"""

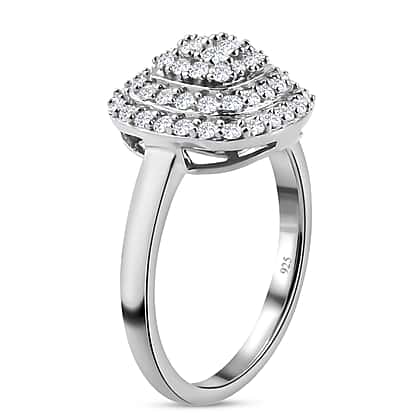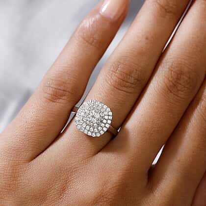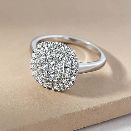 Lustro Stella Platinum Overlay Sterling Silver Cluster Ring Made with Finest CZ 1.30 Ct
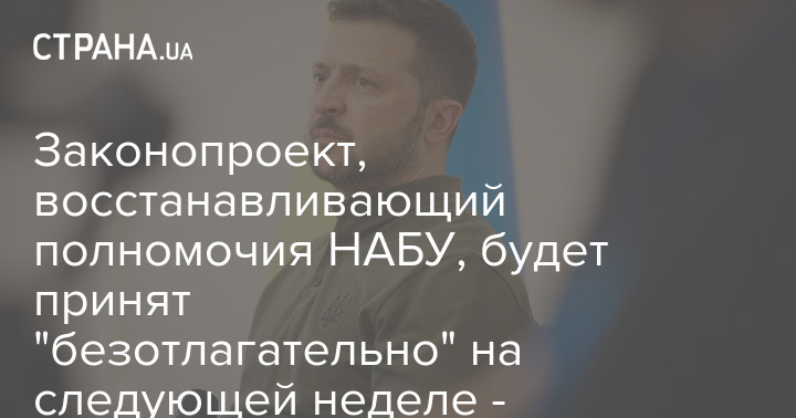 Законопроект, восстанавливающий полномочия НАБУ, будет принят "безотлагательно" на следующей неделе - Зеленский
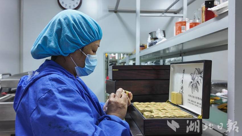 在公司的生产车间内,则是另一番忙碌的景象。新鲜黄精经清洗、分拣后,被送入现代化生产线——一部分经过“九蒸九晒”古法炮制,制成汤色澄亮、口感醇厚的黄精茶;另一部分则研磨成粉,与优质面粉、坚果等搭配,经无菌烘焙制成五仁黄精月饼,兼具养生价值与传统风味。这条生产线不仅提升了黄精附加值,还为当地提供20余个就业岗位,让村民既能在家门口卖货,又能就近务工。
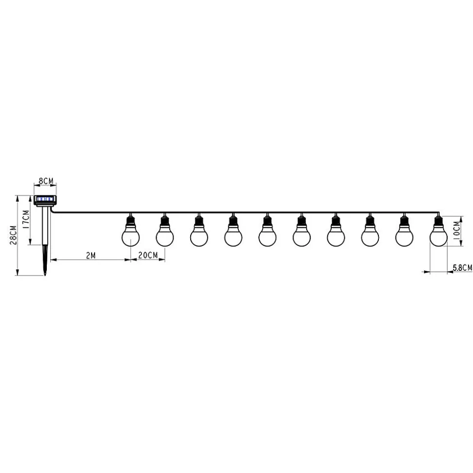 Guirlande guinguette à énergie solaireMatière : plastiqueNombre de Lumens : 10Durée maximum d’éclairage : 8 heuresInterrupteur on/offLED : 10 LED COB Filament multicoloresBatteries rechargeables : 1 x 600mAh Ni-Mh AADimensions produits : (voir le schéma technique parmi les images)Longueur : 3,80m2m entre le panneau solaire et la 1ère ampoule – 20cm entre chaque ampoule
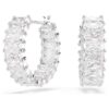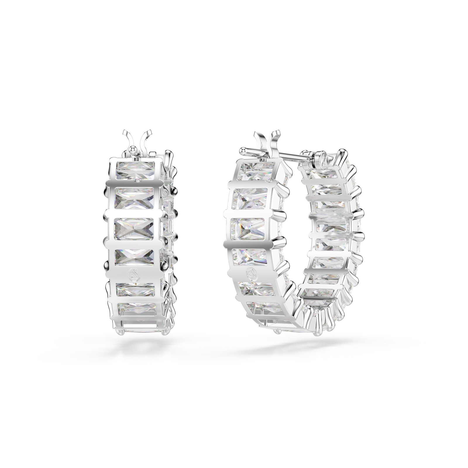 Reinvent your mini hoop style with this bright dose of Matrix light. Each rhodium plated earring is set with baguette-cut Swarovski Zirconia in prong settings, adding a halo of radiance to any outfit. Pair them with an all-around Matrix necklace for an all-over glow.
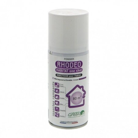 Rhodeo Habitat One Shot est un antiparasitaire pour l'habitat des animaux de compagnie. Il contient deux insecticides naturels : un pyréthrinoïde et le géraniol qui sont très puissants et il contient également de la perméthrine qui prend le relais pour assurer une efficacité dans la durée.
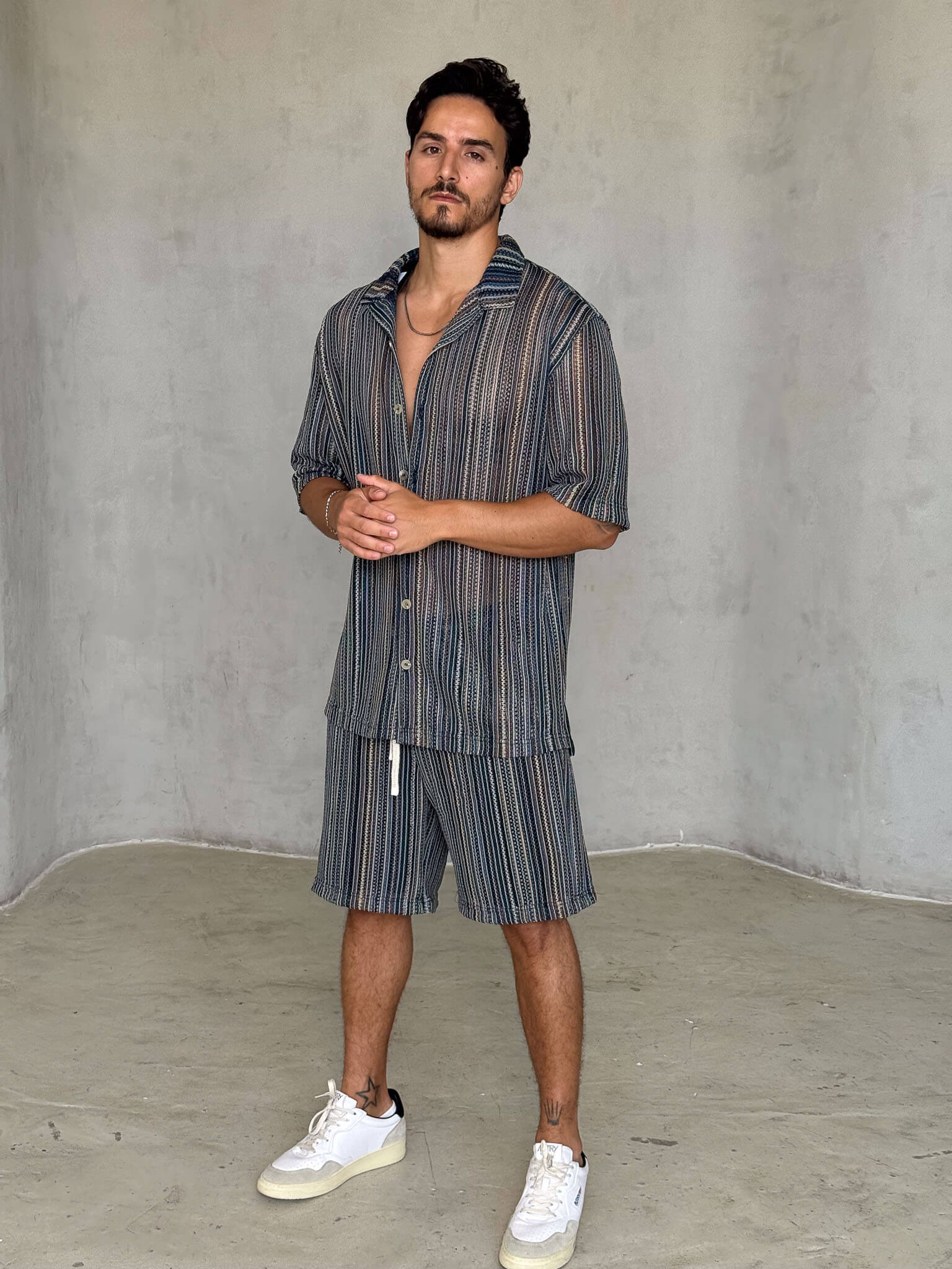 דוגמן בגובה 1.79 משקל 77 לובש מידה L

"""
"""

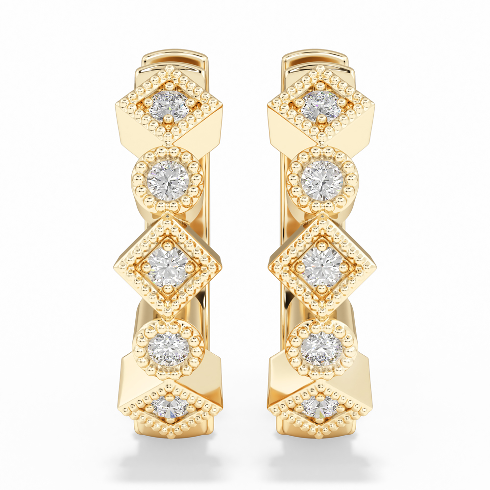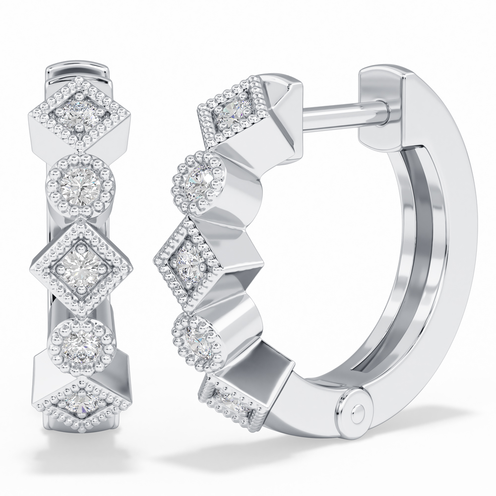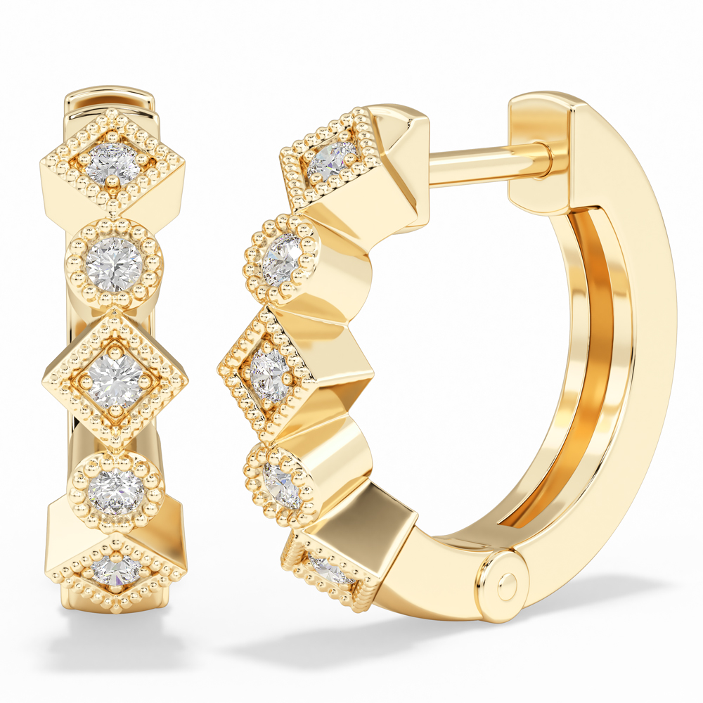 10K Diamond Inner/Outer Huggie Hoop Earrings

"""

Set down exactly the lines above, from the line containing "Lustro Stella Platinum" through the line containing "在公司的生产车间内,则是另一". Skip the pictures.

→ Result for this exercise:
 Lustro Stella Platinum Overlay Sterling Silver Cluster Ring Made with Finest CZ 1.30 Ct
 Законопроект, восстанавливающий полномочия НАБУ, будет принят "безотлагательно" на следующей неделе - Зеленский
 在公司的生产车间内,则是另一番忙碌的景象。新鲜黄精经清洗、分拣后,被送入现代化生产线——一部分经过“九蒸九晒”古法炮制,制成汤色澄亮、口感醇厚的黄精茶;另一部分则研磨成粉,与优质面粉、坚果等搭配,经无菌烘焙制成五仁黄精月饼,兼具养生价值与传统风味。这条生产线不仅提升了黄精附加值,还为当地提供20余个就业岗位,让村民既能在家门口卖货,又能就近务工。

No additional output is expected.